Question

If ¹¹P_r=7920 and ¹¹C_r = 330, then the value of r is equal to

• A. 2
• B. 3
• C. 4
• D. 5
• E. 6

Answer 1

The Correct Option is C

We are given two formulas:

\[ 11P_r = 7920 \quad \text{(Permutation)} \] \[ 11C_r = 330 \quad \text{(Combination)} \]
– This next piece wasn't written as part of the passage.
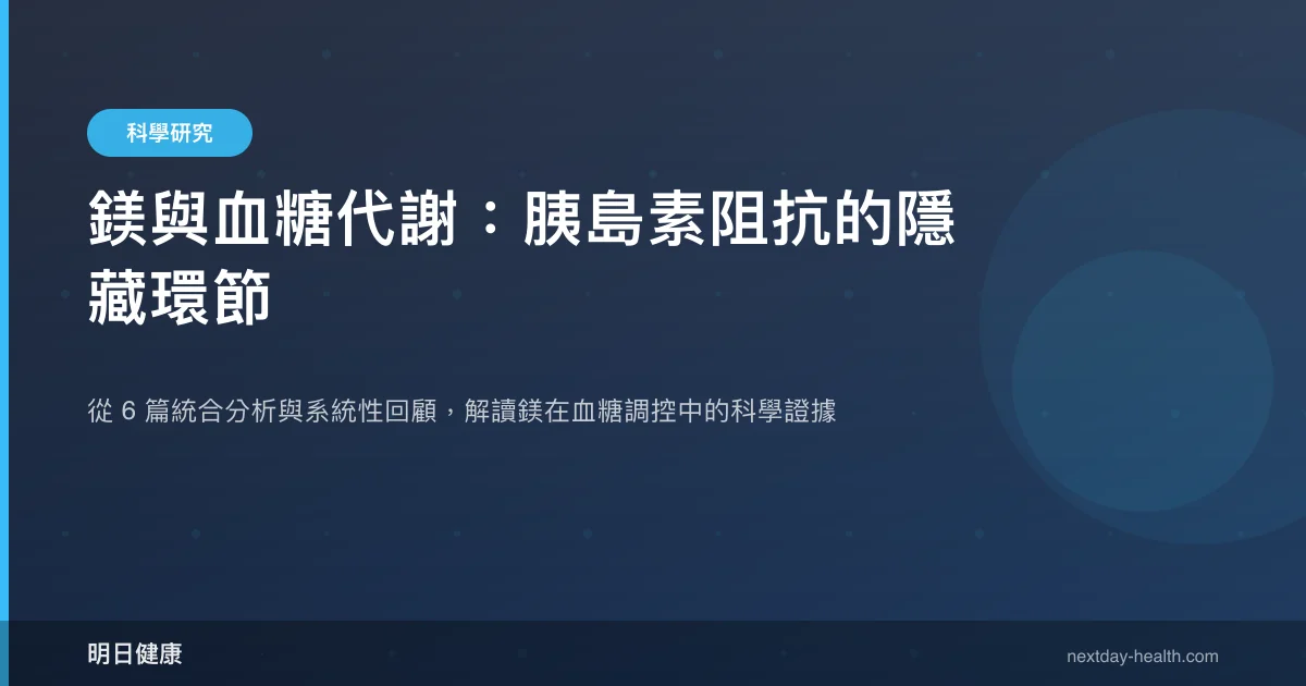 Verma 與 Garg(2017)的研究同樣觀察到鎂對糖尿病相關心血管風險因子(血壓、血脂)有輔助改善效果。這些發現呼應了一個更宏觀的觀點:鎂在代謝健康中的角色不侷限於單一指標,而是跨越血糖、血壓與脂質代謝的多面向影響。

Step 1: Use the formula for permutation

The formula for permutation is: \[ ^nP_r = \frac{n!}{(n - r)!} \] For \( 11P_r \), we have: \[ 11P_r = \frac{11!}{(11 - r)!} \] Substitute \( 11P_r = 7920 \): \[ \frac{11!}{(11 - r)!} = 7920 \] Now calculate \( 11! \): \[ 11! = 11 \times 10 \times 9 \times 8 \times 7 \times 6 \times 5 \times 4 \times 3 \times 2 \times 1 = 39916800 \] Thus, the equation becomes: \[ \frac{39916800}{(11 - r)!} = 7920 \] Now, simplify: \[ (11 - r)! = \frac{39916800}{7920} = 5040 \]

Step 2: Find \( (11 - r)! = 5040 \)

Now, check the factorial values to find \( (11 - r) \): \[ 7! = 7 \times 6 \times 5 \times 4 \times 3 \times 2 \times 1 = 5040 \] So, \( 11 - r = 7 \), hence \( r = 4 \).

Step 3: Verify using the combination formula

We also have the combination formula: \[ ^nC_r = \frac{n!}{r!(n - r)!} \] Substitute \( 11C_r = 330 \) and \( r = 4 \): \[ 11C_4 = \frac{11!}{4!(11 - 4)!} = \frac{11!}{4!7!} \] Now calculate: \[ 4! = 4 \times 3 \times 2 \times 1 = 24 \] \[ 11C_4 = \frac{39916800}{24 \times 5040} = \frac{39916800}{120960} = 330 \] This confirms that \( r = 4 \).

The correct option is (C) : 4

Answer 2

We are given that ¹¹P_r = 7920 and ¹¹C_r = 330. We want to find the value of r.

We know that ⁿP_r = \(\frac{n!}{(n-r)!}\) and ⁿC_r = \(\frac{n!}{r!(n-r)!}\).

Therefore, ¹¹P_r = \(\frac{11!}{(11-r)!}\) = 7920 and ¹¹C_r = \(\frac{11!}{r!(11-r)!}\) = 330.

We can also write ¹¹P_r = r! × ¹¹C_r.

Plugging in the given values, we have:

7920 = r! × 330

r! = \(\frac{7920}{330} = 24\)

Now we need to find the value of r such that r! = 24. We know that:

• 1! = 1
• 2! = 2 × 1 = 2
• 3! = 3 × 2 × 1 = 6
• 4! = 4 × 3 × 2 × 1 = 24
• 5! = 5 × 4 × 3 × 2 × 1 = 120

Since 4! = 24, we have r = 4.

Therefore, the value of r is equal to 4.